L'absence de césure cassant le dynamisme signifie, comme dans les arts martiaux chinois, qu'il convient de rester ouvert à la vertu per se de la transition ; de même, ce "printanier" ne dit pas l'attachement, au printemps (et donc le regret, qu'il passe) mais qu'on demeure contemporain de l'essor qui ne cesse d'activer la vie… Par suite, un tel maintien est strictement évolutif, et non pas résolutif, comme dans le stoïcisme. Il n'est pas seulement de garder harmonieuse et bienfaisante sa relation avec le monde, comme le comprennent d'abord platement, en faisant servir les représentations courantes, des commentateurs chinois; mais aussi d'" évoluer de concert avec lui " comme les saisons évoluent: de sorte que, au travers même de l'enchaînement des vicissitudes, et porté qu'on est par leur passage (du seul fait de ce constant passage), ou maintienne continûment sa vitalité en phase avec le stade de fraîcheur - printanier- de l'incitation qui vient.
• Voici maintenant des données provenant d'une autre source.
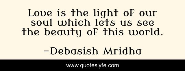 This page presents the quote "Love is the light of our soul which lets us see the beauty of this world.". Author of this quote is Debasish Mridha. This quote is about debasish, love, light, philosophy, debasish-mridha, soul, beauty-of-this-world, lets-us-see-the-beauty, mridha,.

Ce relâchement libératoire, qui est le contraire d'un laisser-aller renonçant tout autant que d'un raidissement volontaire, mais procède, par-delà les excitations et stimulations parasites, d'une ouverture au grand flux incitatif qui ne cesse de renouveler le monde, ne va pas sans conditionnement ni maintien physiques. Il appelle à s'inscrire dans le comportemental - ou plutôt il en résulte; c'est même là, on le sait, un point qui démarque le plus ostensiblement l'enseignement du nourrissement vital de 1a philosophie. Quand, dans le Zhaungzi, Dent-ébréchée demande à Porte-vêtement ce qu'il en est de la "voie ", tao, ce dernier 1ui répond aussitôt (chap.22, Guo, p. 737) : " Rectifie ta position, unifie ton regard et l'harmonie du ciel [naturelle] va venir; replie ton intelligence, unifie ton attitude et [la dimension de l'] esprit va t'habiter... ". " Quand la voie résidera en toi, est-il conclu, tes pupilles seront comme celles d'un nouveau-né ", ton regard demeurera naïf, ingénu, non prévenu, et "tu ne seras plus à t'enquérir de la causalité ". Est enfin tari le sempiternel, et épuisant pourquoi des choses.


On sait que, dans les temples zen, un des premiers apprentissages est effectivement de se tenir assis, droit mais sans contrainte, de façon "correcte" mais sans poser: ni raide ni affaissé; sinon, inutile de rester... Plus que tout un discours, la rectification, silencieuse de la position fait entrer d'elle-même dans la juste appréhension. Il suffira de se bien caler, à. même la rigueur du sol, de sorte que se déploie l'" artère dorsale" (du: par où passe la circulation énergétique), mais sans chercher pour autant à se hausser ni avoir à se tendre : se dissolvent alors les obstructions et coagulations intérieures. De par cette "unification de l'attitude" se trouve restauré le lien faisant communiquer dedans et dehors, et le monde se trouve à nouveau " logé " dans le monde, ou les êtres "hébergés dans leur usage", ainsi, que l'a dit Zhuangzi. Se décharge l'appel stressant à donner du sens (à la vie, à la mort, etc.). Le zen ne cesse de renvoyer à la mise en œuvre d'un tel effet, qui est sensation aussi bien qu'idée, et en fait l'appui non équivoque de son enseignement. Dans ce passage-ci, la relaxation aurait même si bien réussi, est-il noté non sans humour (humour tant à l'égard des prescriptions du rituel que des rapports entre Maître et disciple, qu'il faut apprendre à renverser) : Porte-vêtement, n'aurait même pas fini de parler que l'autre, délaissant enfin, les inquisitions fastidieuses de l'intelligence, "s'est profondément endormi … ".